Deux ans plus tard, le problème reste celui de l’exécution.
La région dispose d’épargne, d’investisseurs institutionnels, de banques, d’assureurs et désormais d’un écosystème plus étoffé de sociétés de gestion et d’intermédiation. Ce qu’elle doit encore produire en quantité suffisante, ce sont des actifs investissables et des transactions capables d’absorber ce capital.
C’est précisément sur ce terrain que Laurence Christelle Tchouako joue désormais sa crédibilité.

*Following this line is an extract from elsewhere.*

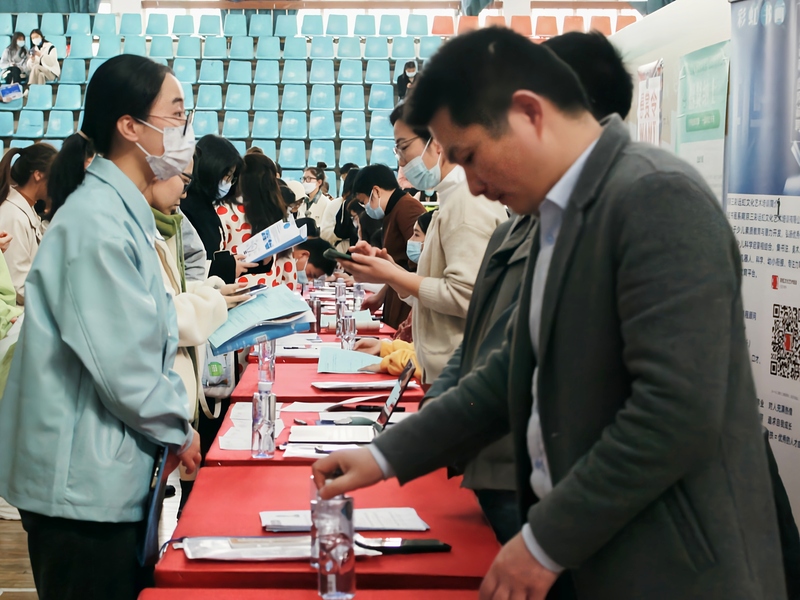 3月12日上午,南京特殊教育师范学院在体育馆举办招聘会,为应届毕业生提供就业岗位。

Avec Purpose Capital, elle n’entre pas simplement dans l’industrie boursière camerounaise. Elle rejoint une bataille plus importante : celle de la transformation du marché financier de la CEMAC en véritable instrument de financement des entreprises.
La réussite ne se mesurera donc pas au seul capital de départ de 317,5 millions FCFA, ni à l’agrément obtenu. Elle se mesurera au nombre d’entreprises accompagnées, aux capitaux effectivement mobilisés et, surtout, à la capacité de Purpose Capital à créer des ponts durables entre l’épargne africaine et les ambitions entrepreneuriales africaines.